Geeks like promises kept in code. They can’t be worked around using ambiguities in English, and they can’t be changed without the user’s consent (to a software upgrade). I suspect many geeks think of them as superior to promises kept in policy – “that’s what they _say_, but who knows?”. This impression is reinforced when companies are caught sticking to the letter but not the spirit of their policies.

But some promises can’t be kept in code.
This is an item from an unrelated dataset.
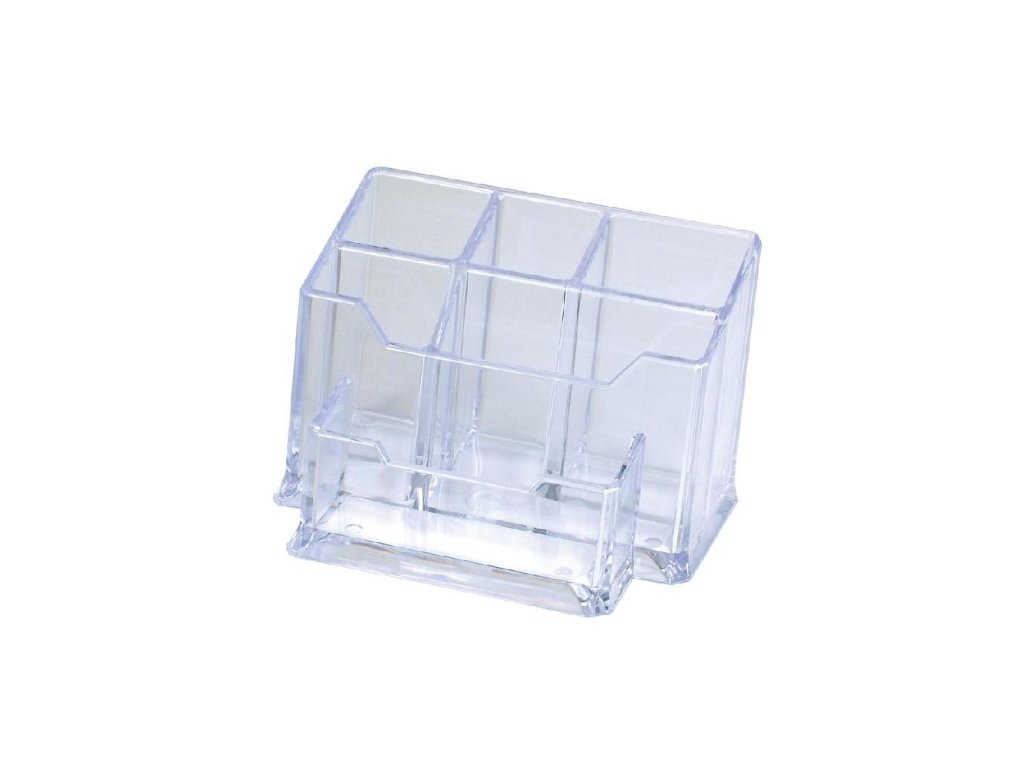 Priehľadný šesťdielny stojan na písacie potreby z tvrdeného akrylového plastu odolného voči prasknutiu. Rozmery 147 × 100 × 100 mm.Farba: priehľadná číra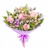 Гармоничная композиция из розовых кустовых и одиночных роз, фрезии и веточек эутомы, с добавлением зелени (фатсия) в упаковке.

For example, you can’t simply not send the user’s IP address, which normally gives coarse location information, when making a web request. More complex or time-bound promises (“we will only store your information for two weeks”) also require policy by their nature. Policy is also more flexible, and using a policy promise rather than a code promise can speed time-to-market due to reduced software complexity and increased ability to iterate.

Question: is this distinction, about where to keep your promises, useful when designing new features?

Question: is it reasonable or misguided for geeks to prefer promises kept in code?

Question: if Mozilla or its partners are using promises kept in policy for e.g. a web service, how can we increase user confidence that such a policy is being followed?